■ Task requirements:
Without the pictures, can you quote each line below exactly?

====== Provided material

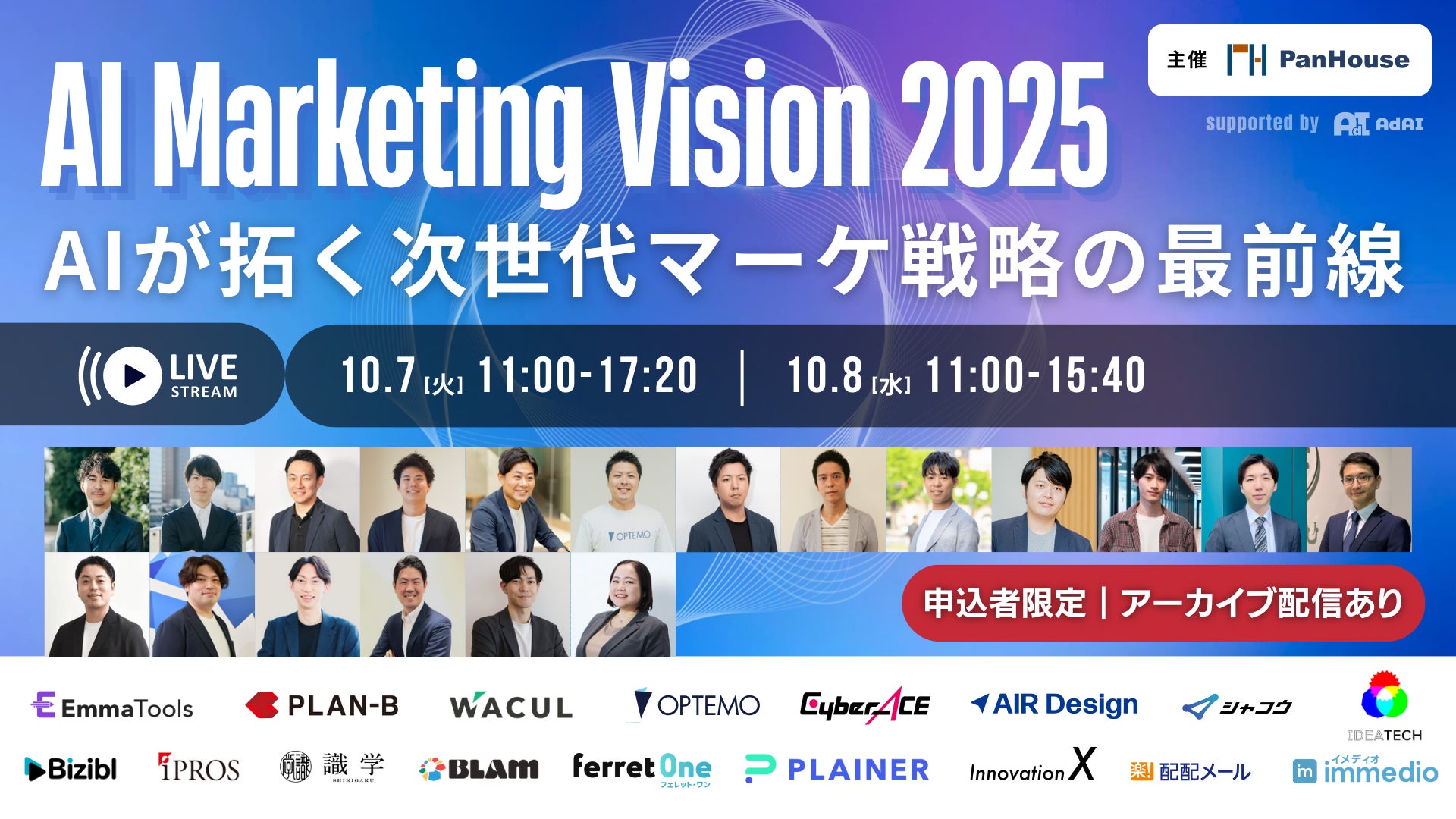 本カンファレンス「AI Marketing Vision 2025」は、「マーケティング×AI」をテーマに、その最前線で実践されている戦略、具体的な成果事例、そして未来の展望を共有・議論する、2日間のオンラインイベントです。
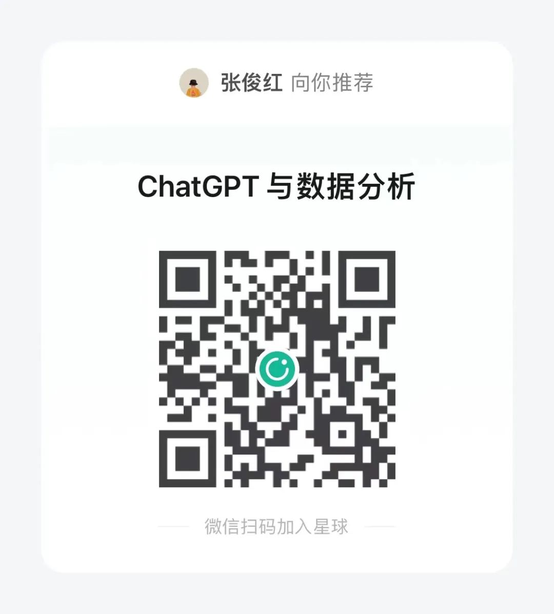 我创建的「ChatGPT与数据分析」知识星球,主要分享如何在数据分析工作中使用ChatGPT,感兴趣的小伙伴可以了解一下:
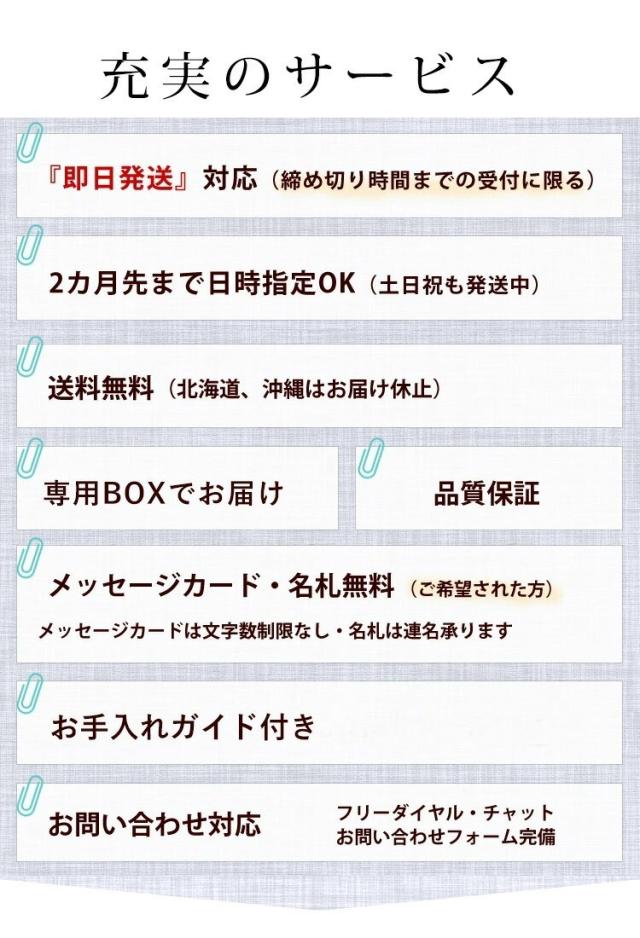 ご希望のお客様にはメッセージカード/お取り扱い説明書/品質保証付リーフレット

============

■ Solution to the problem:
 本カンファレンス「AI Marketing Vision 2025」は、「マーケティング×AI」をテーマに、その最前線で実践されている戦略、具体的な成果事例、そして未来の展望を共有・議論する、2日間のオンラインイベントです。
 我创建的「ChatGPT与数据分析」知识星球,主要分享如何在数据分析工作中使用ChatGPT,感兴趣的小伙伴可以了解一下:
 ご希望のお客様にはメッセージカード/お取り扱い説明書/品質保証付リーフレット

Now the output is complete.